We will use a stopping rule with a type 1 error of 5% (one-sided alpha of 5%) and a beta of
10% (~a power of 90%), and external reference values for false negative rates of 0.01 and as
alternative 0.10. An extensive description of the stopping rule with two boundaries, is
included in appendix C.

In the present study, the requirements are p0=0.01, p1=0.10, alpha(rule)=0.05,
beta(rule)=0.10 and alpha(futile)=0.05. After exact calculation, this results in
alpha(n)=0.1364, beta(N)=0.055 and alpha(futile,n)=0.6431, with 47 as the maximum number of
patients. With a true failure rate of 0.01, the probability of passing the upper boundary is
0.049; with a true failure rate of 0.10 this probability is 0.903. The upper boundary,
representing the maximum of acceptable failures, is 1 within the first 35 patients and 2 up
to the total number of 47 patients. Monitoring with the stopping rule can be stopped
(because of futile testing) when no failures are observed within the first 31 patients.

Investigator authorization procedure

The specialist who will treat the patient or his/her research nurse can sign up a patient
for registration.

Patient registration

To enter patients in this study, during working hours, the data manager should be contacted
at:

University Medical Centre Groningen Department of Medical Oncology Phone: 050-3612053 or
page nr 77045 Eligibility will be checked at the time of registration.

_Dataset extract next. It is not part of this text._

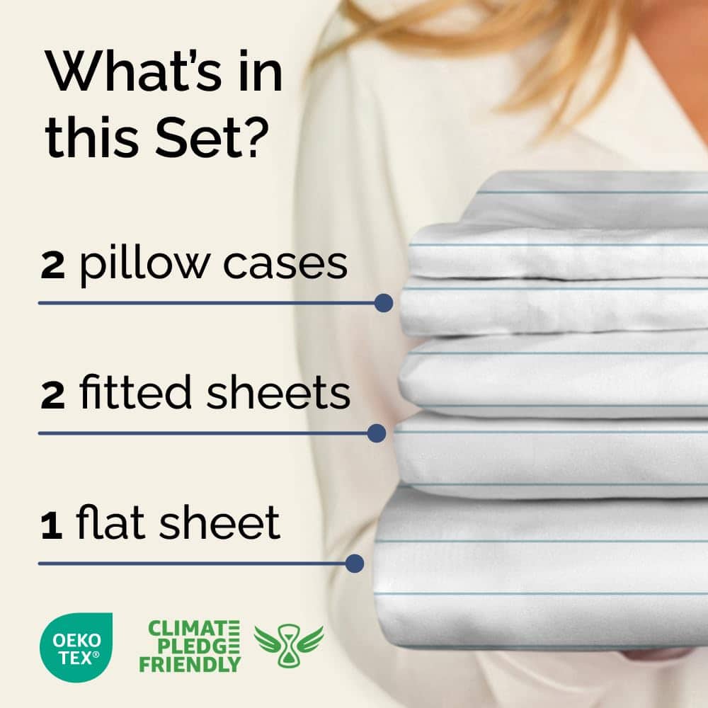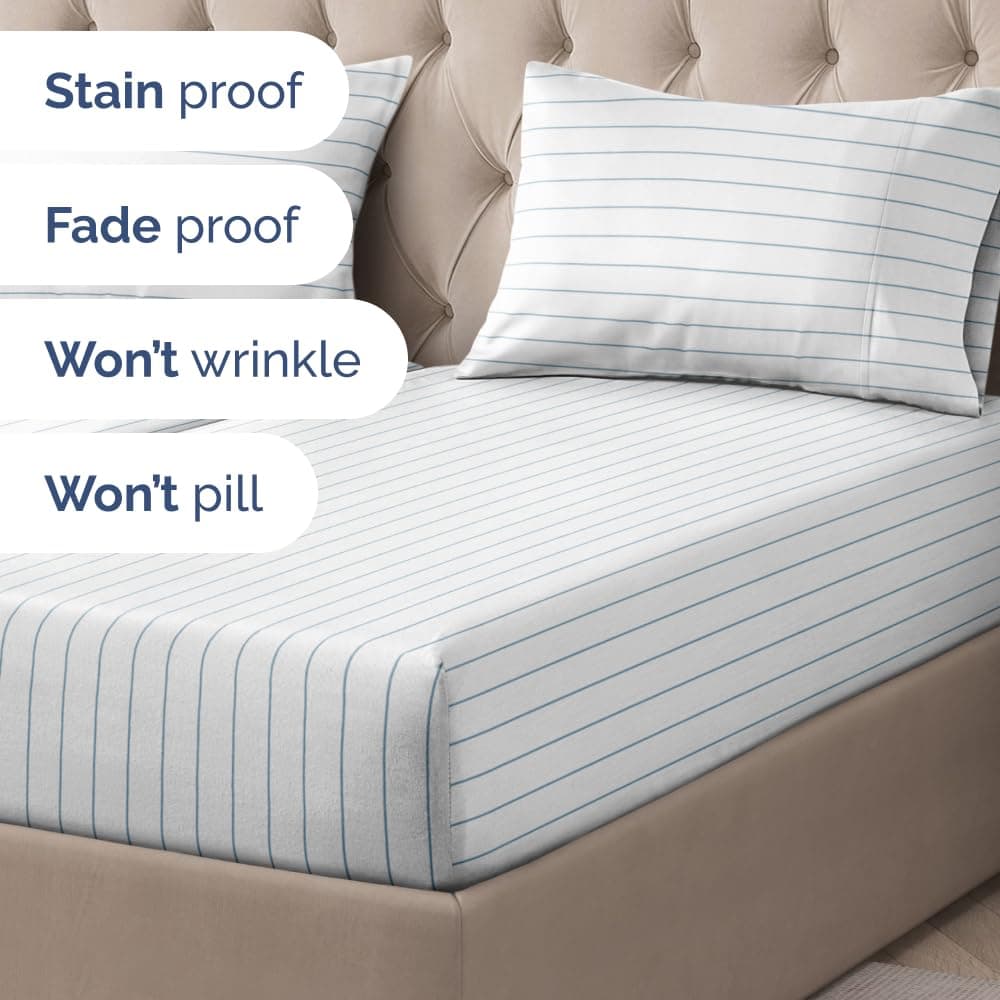 Juego de Sábanas Rayadas Azul Cielo de 5 Piezas para Cama

To determine eligibility the following information should be provided:

- Initials

- Date of birth

- WHO performance score

- Signed written informed consent

- Date of intended surgery (if known)

Forms and procedures for collecting data

Data will be collected on paper case record forms (CRF). CRFs will be collected and data
will be entered anonymously in an Access data base.

Subject identification Patient data are stored under a code without name, that will ensure
anonimity.

Informed consent All patients will be informed of the aims of the study, the possible
adverse events, the procedures and possible hazards to which he/she will be exposed, and the
mechanism of treatment allocation. They will be informed as to the strict confidentiality of
their patient data, but that their medical records may be reviewed for trial purposes by
authorized individuals other than their treating physician. An example of a patient informed
consent statement is given as an appendix to this protocol.

The ethics committee of the UMCG will validate local informed consent documents before start
of the study.

It will be emphasized that the participation is voluntary and that the patient is allowed to
refuse further participation in the protocol whenever he/she wants. This will not prejudice
the patient's subsequent care. Documented informed consent must be obtained for all patients
included in the study before they are registered or randomized in the study. This must be
done in accordance with the national and local regulatory requirements.

The informed consent procedure must conform to the ICH guidelines on Good Clinical Practice.
This implies that "the written informed consent form should be signed and personally dated
by the patient or by the patient's legally acceptable representative".